I have 3 MIDI controllers I use for these things and this script is set to check for any of them, in order of priority, and connect them with ZynAddSubFX. Also, I have a few “sleep” statements in there that I’d like to remove when I find a way of including graceful fallback and error reporting from a bash script. For now, this works fine.

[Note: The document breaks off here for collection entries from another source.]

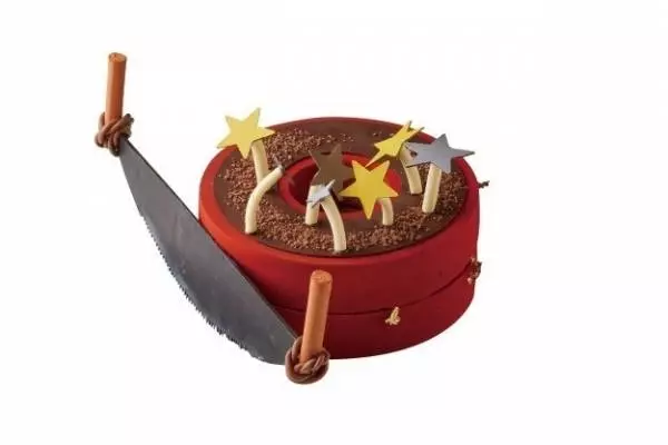 ザ・リッツ・カールトン東京のクリスマスケーキ、"のこぎり"チョコ付きバームクーヘン風ケーキ
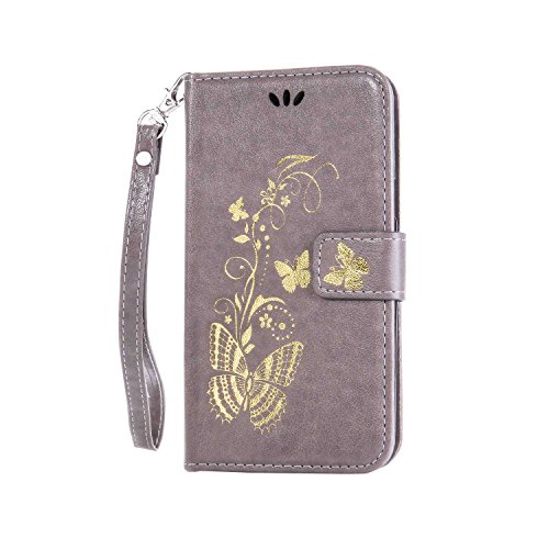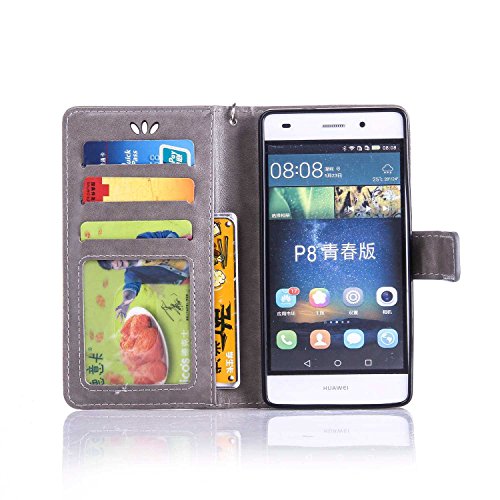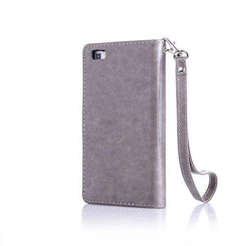 Huawei P8 Lite 手帳型 OMATENTI 本革 カバー カードポケット スタンド機能 マグネット式 アイフォン Huawei P8 Lite 用 財布型 カバー [全10色] (グレー)
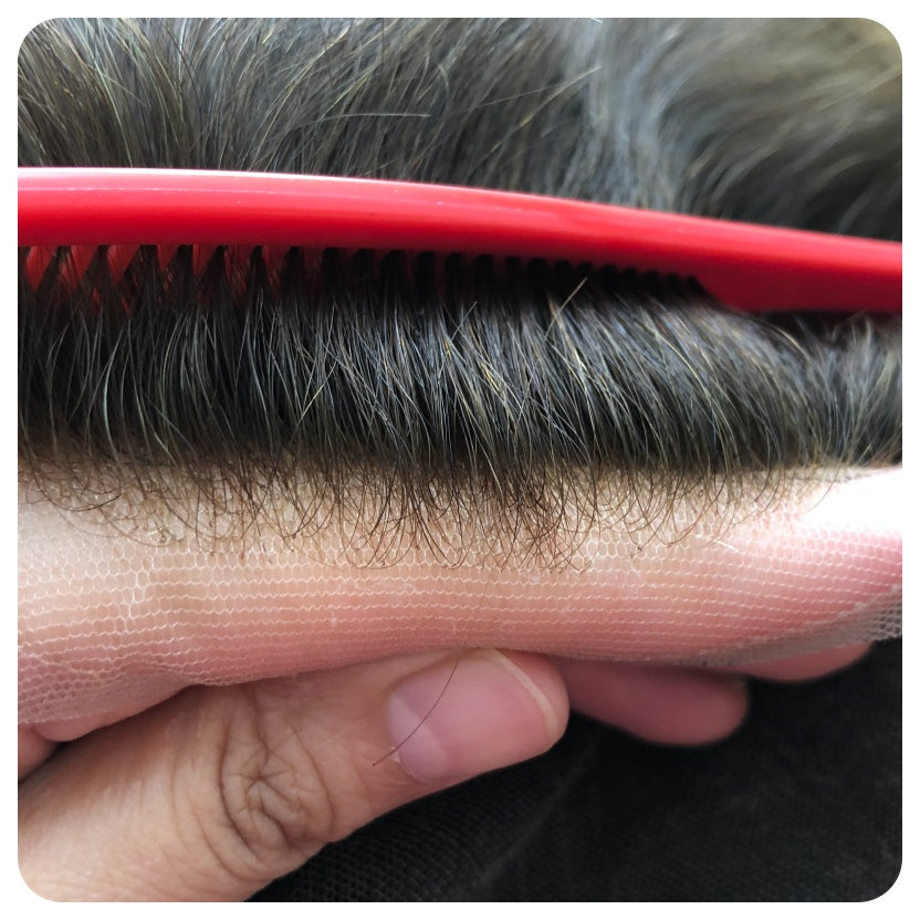 Gradually decreasing hair volume in the front, single hair is single knotted in slightly wave shape along hairline instead of stiff straight hairline.
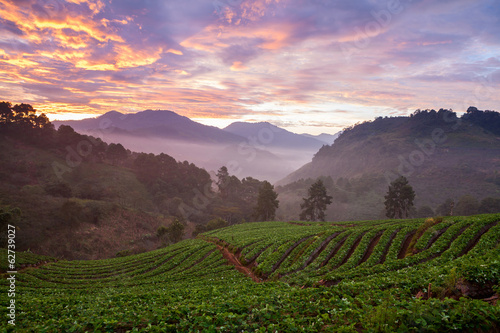 © sripfoto, Fototapeta premium misty morning sunrise in strawberry garden
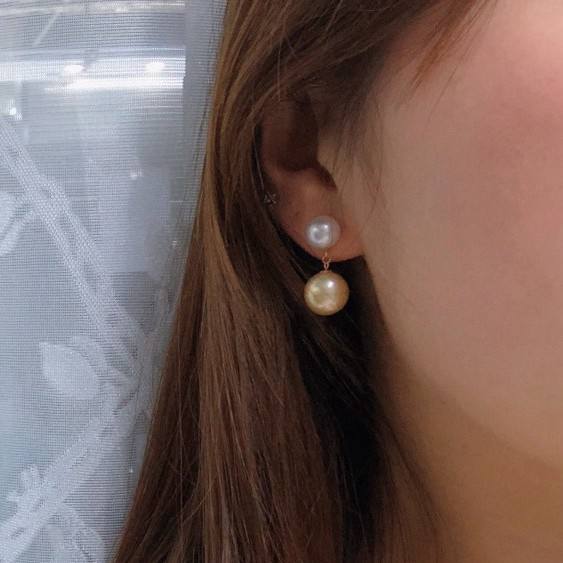 ต่างหูทองหนา 18K ประดับมุกออสเตรเลียสีขาว 10-11 มม. รูปทรงน้ำทะเล แสงสว่างแรง ใกล้เคียงกับมุกไร้ตำหนิ
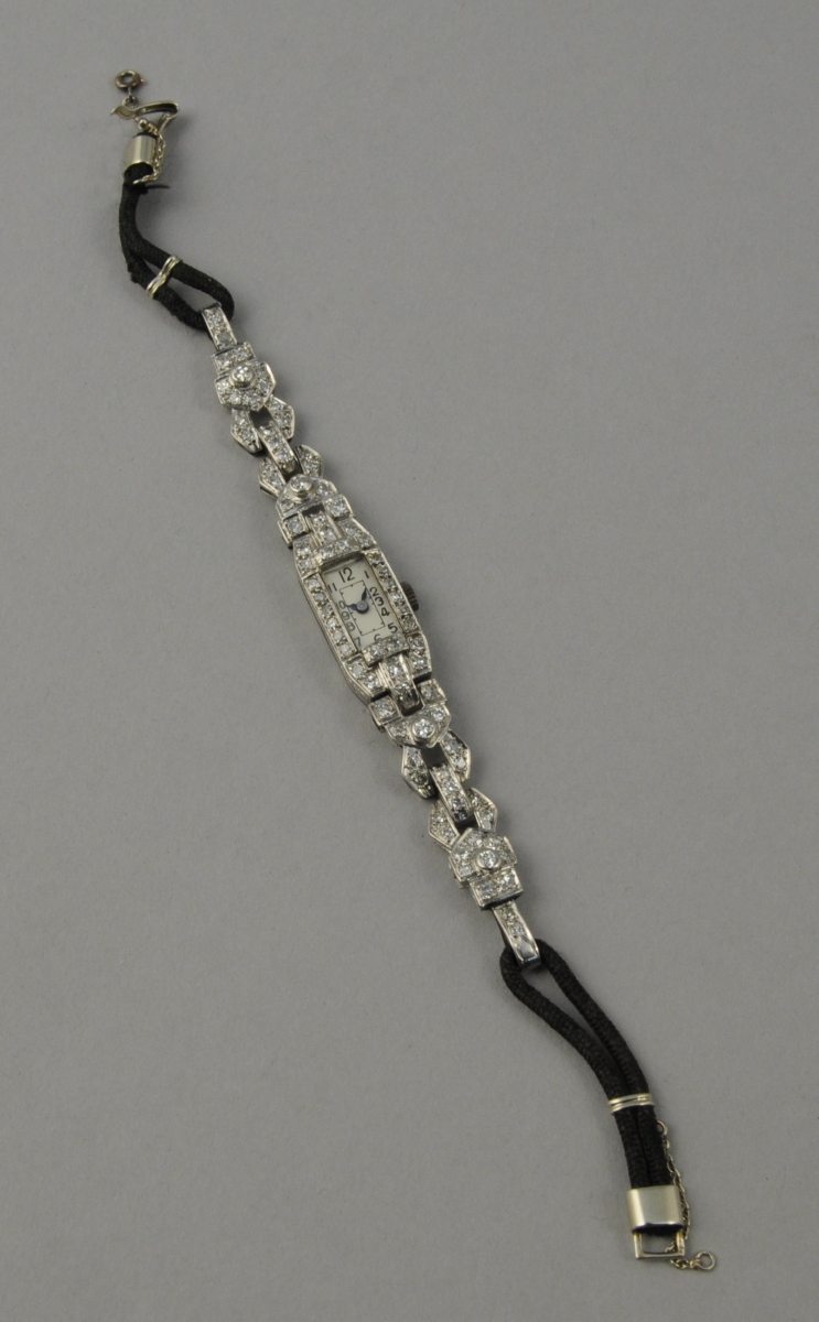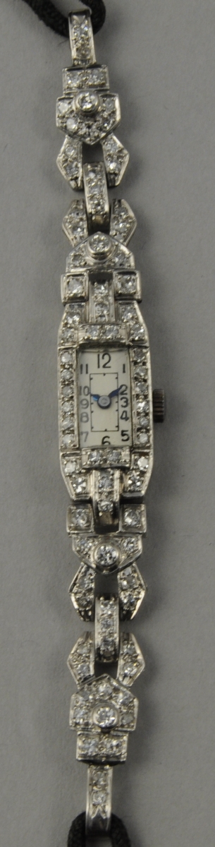 MONTRE BRACELET de dame, la montre rectangulaire et les attaches en platine serties de diamants taillés en 8/8, mouvement mécanique, tour de poignet double cordonnet en tissu. Poids brut: 16 g.
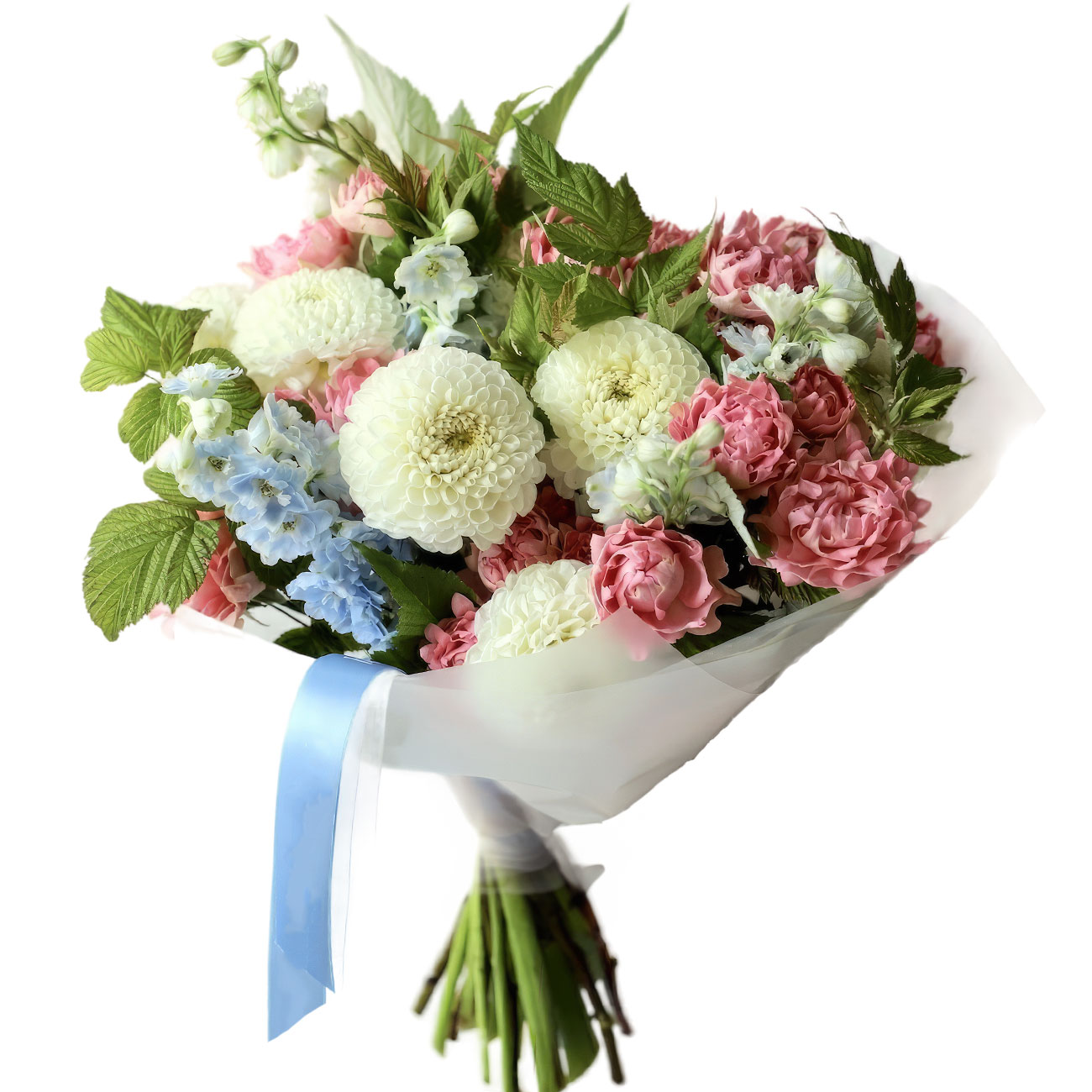 Георгина белая, маттиола голубая, роза кустовая розовая, куст малины. Упаковка (лента, пленка, крафт, сетка, пленка матовая)
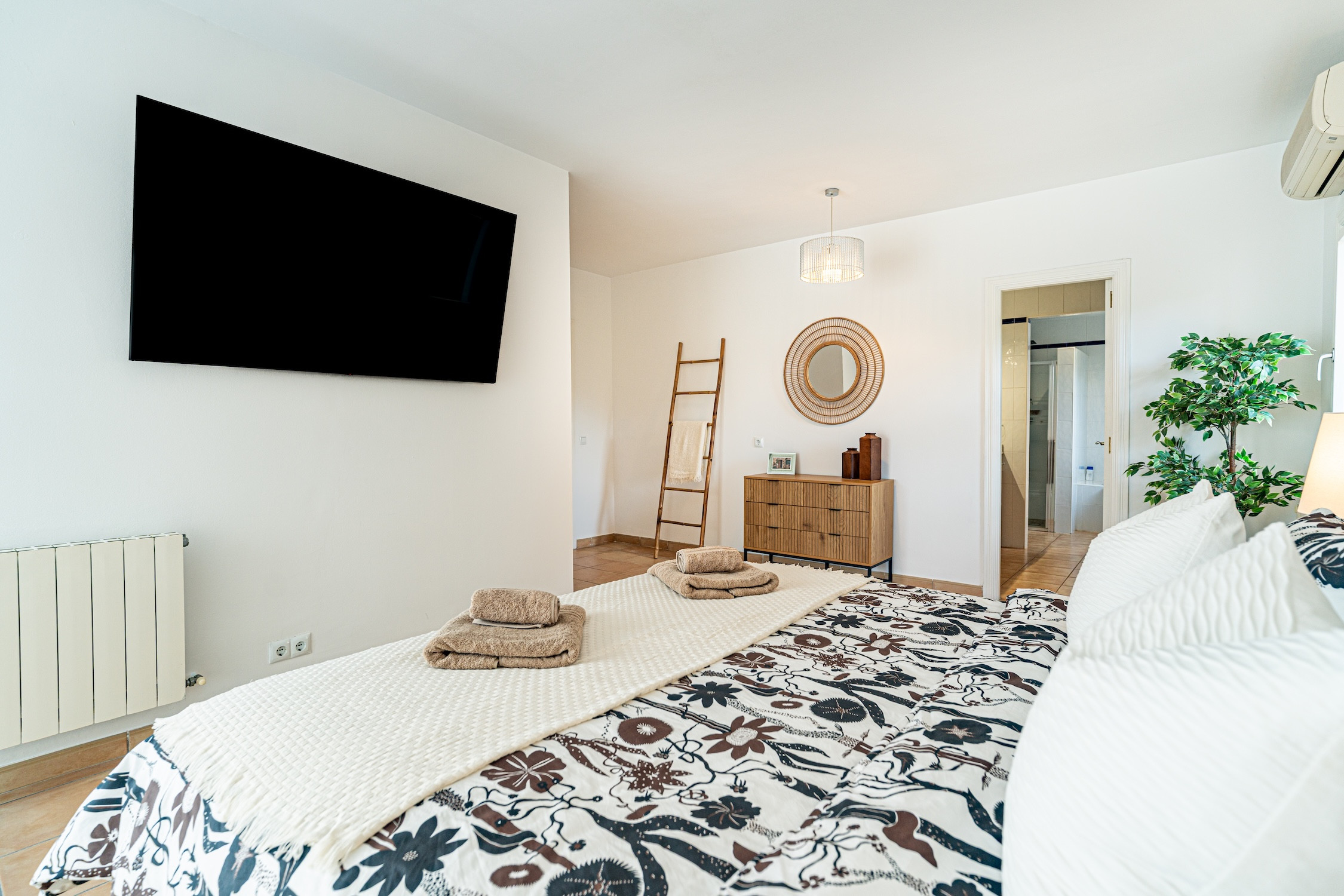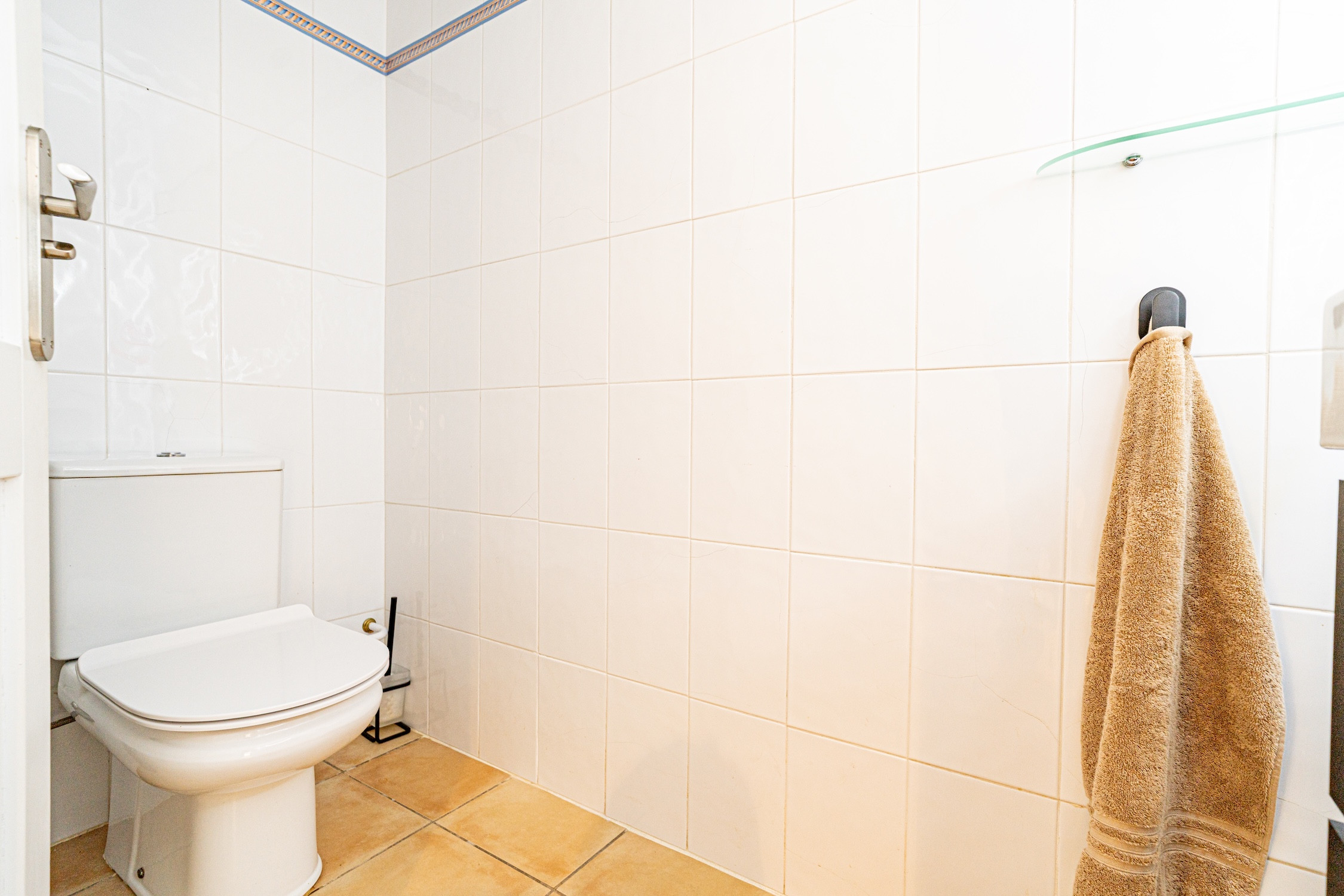 Outside, the house stands out for its large private garden with an artificial grass area (ideal for children), terrace, outdoor furniture and barbecue, shower and toilet, with the heated swimming pool being the main feature, perfect for enjoying at any time of the year. The land is fenced, providing security and privacy.

I add this line to rc.local to launch Zynaddsubfx automatically on boot and connect MIDI.

su pi -c '/home/pi/zynlaunch.sh >> /tmp/zynaddsubfx.log 2>&1 &'

Unfortunately, Node won’t launch the web app from rc.local, so I add some conditionals to /home/pi/.profile to launch the app after the boot sequence.

if pgrep zynaddsubfx
then
echo Zynaddsubfx is singing
fi

if pgrep node
then
echo Zyn app is up
else
node /home/pi/ZynAddSubFX-WebApp/index.js
fi

Making music

This ended up being a pad and drone instrument in my tool chest. ZynAddSubFX is really an amazing piece of software and can do much more than I’m setting up here. The sounds are complex and sonically rich. The GUI version lets you change or create instruments with a deep and precise set of graphic panels.

For my purposes, though, I want something to play live with that has very low resource needs. This little box does just that.